Start of Available data

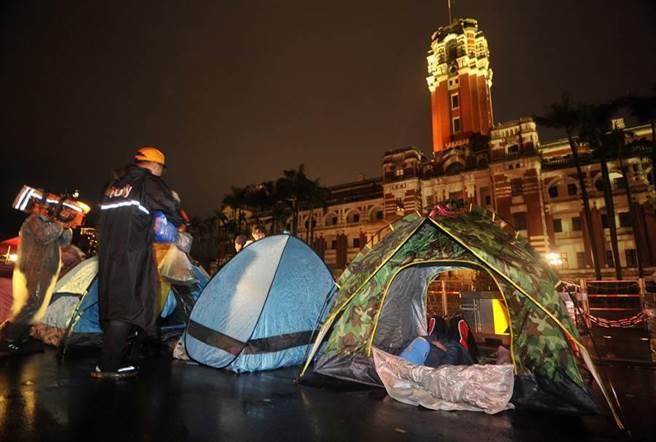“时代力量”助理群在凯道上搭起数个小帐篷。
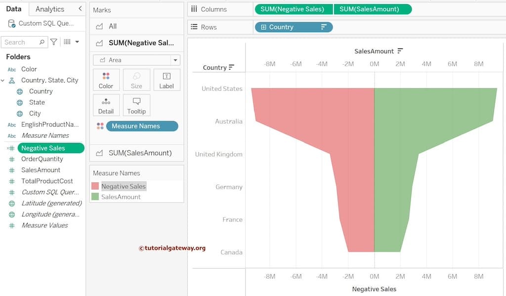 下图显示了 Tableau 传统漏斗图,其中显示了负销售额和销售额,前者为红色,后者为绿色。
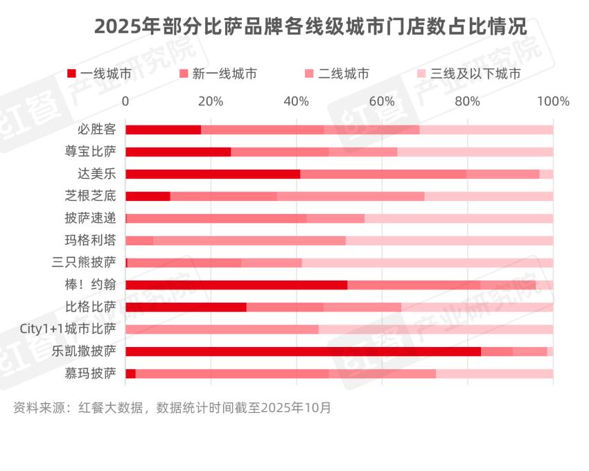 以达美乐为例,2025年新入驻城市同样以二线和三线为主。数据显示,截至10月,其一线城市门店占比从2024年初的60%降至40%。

End of Available data

Prompt
Would you copy each line above exactly as given, dropping any images?

Solution for this problem
“时代力量”助理群在凯道上搭起数个小帐篷。
 下图显示了 Tableau 传统漏斗图,其中显示了负销售额和销售额,前者为红色,后者为绿色。
 以达美乐为例,2025年新入驻城市同样以二线和三线为主。数据显示,截至10月,其一线城市门店占比从2024年初的60%降至40%。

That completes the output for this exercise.